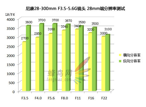 从柱状图上不难看出,镜头28mm端时的最佳光圈出现在F5.6和F8时,在D3X的2450万有效像素下,呈现出突破3500LW/PH的水平,而各档光圈的平均分辨率也在3000LW/PH以上,表现可谓上乘。
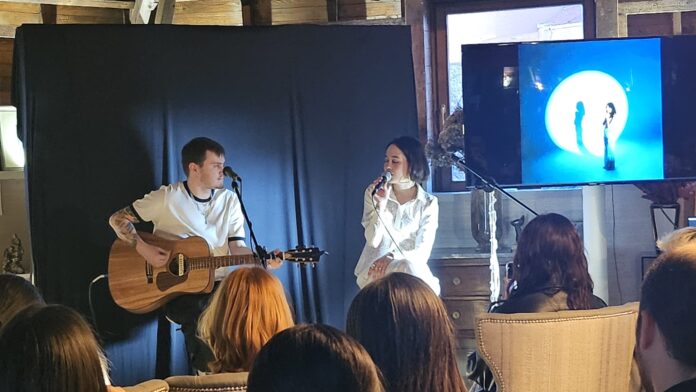 La tarde comenzó con un picoteo distendido que ya anticipaba el tono del encuentro: cercano, cálido, casi doméstico. No era un showcase al uso, sino un mini concierto acústico privado, pensado para disfrutar de las canciones de manera íntima, sin artificios y con la artista a apenas unos pasos. Ese formato le sienta especialmente bien a Yarea, cuya música —incluso en sus versiones de estudio— parece pedir madera, aire y silencio alrededor.
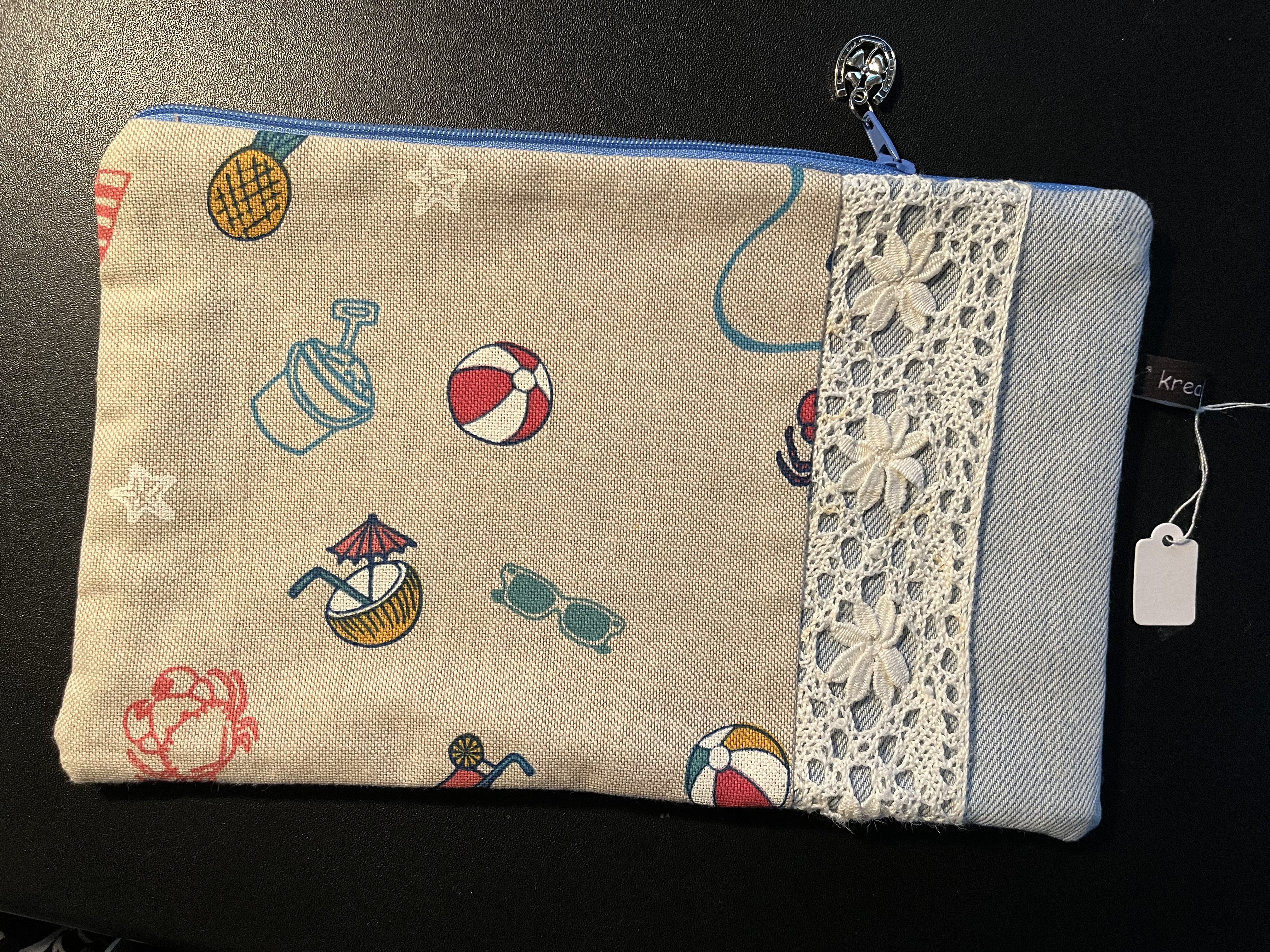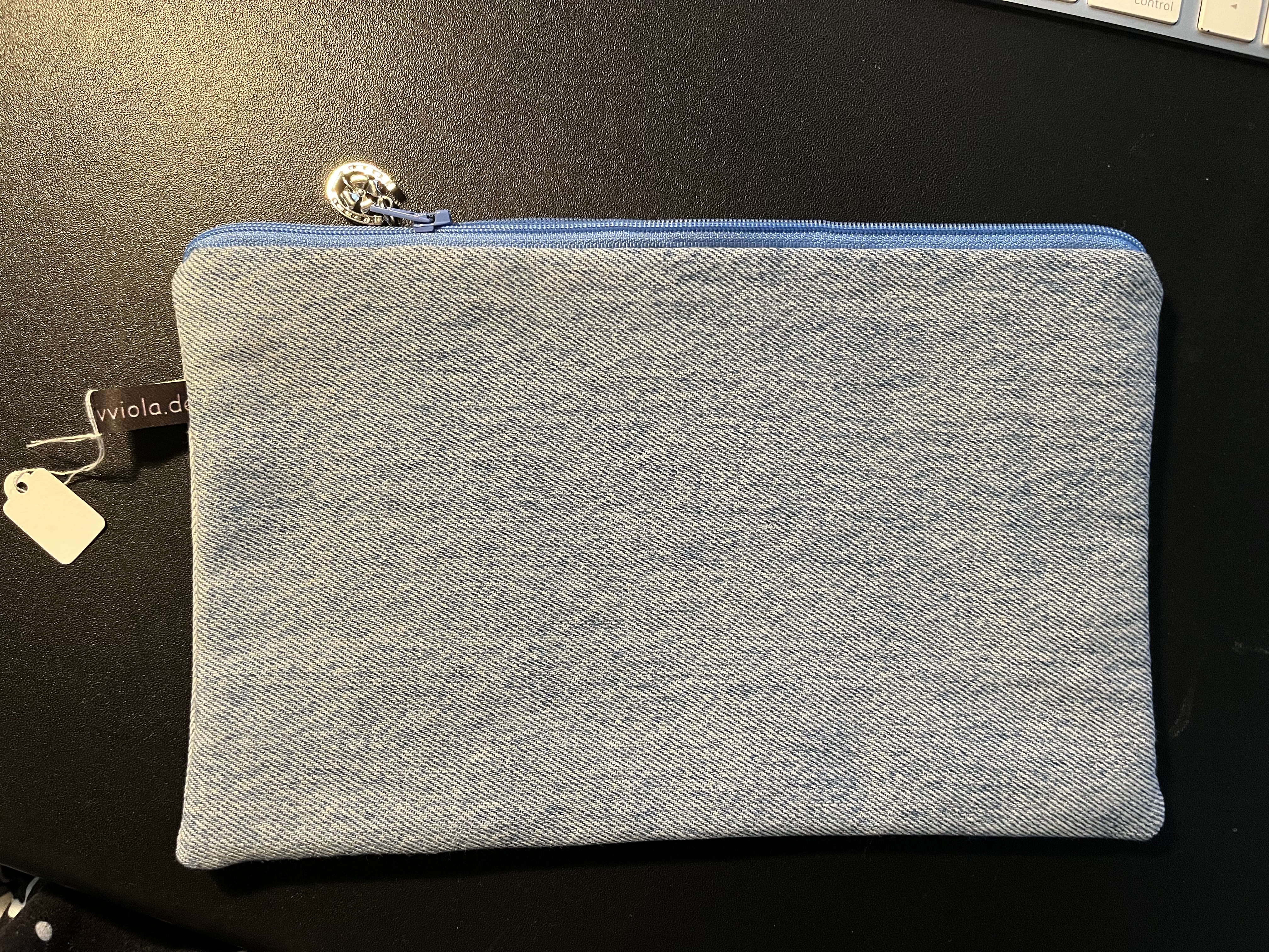 Preview: Kosmetiktasche Jeansreste (blau Hufeisen)

—————

• **Problem**: Copy out every line of the data exactly, leaving the images behind.

• **Problem solution**:
 从柱状图上不难看出,镜头28mm端时的最佳光圈出现在F5.6和F8时,在D3X的2450万有效像素下,呈现出突破3500LW/PH的水平,而各档光圈的平均分辨率也在3000LW/PH以上,表现可谓上乘。
 La tarde comenzó con un picoteo distendido que ya anticipaba el tono del encuentro: cercano, cálido, casi doméstico. No era un showcase al uso, sino un mini concierto acústico privado, pensado para disfrutar de las canciones de manera íntima, sin artificios y con la artista a apenas unos pasos. Ese formato le sienta especialmente bien a Yarea, cuya música —incluso en sus versiones de estudio— parece pedir madera, aire y silencio alrededor.
 Preview: Kosmetiktasche Jeansreste (blau Hufeisen)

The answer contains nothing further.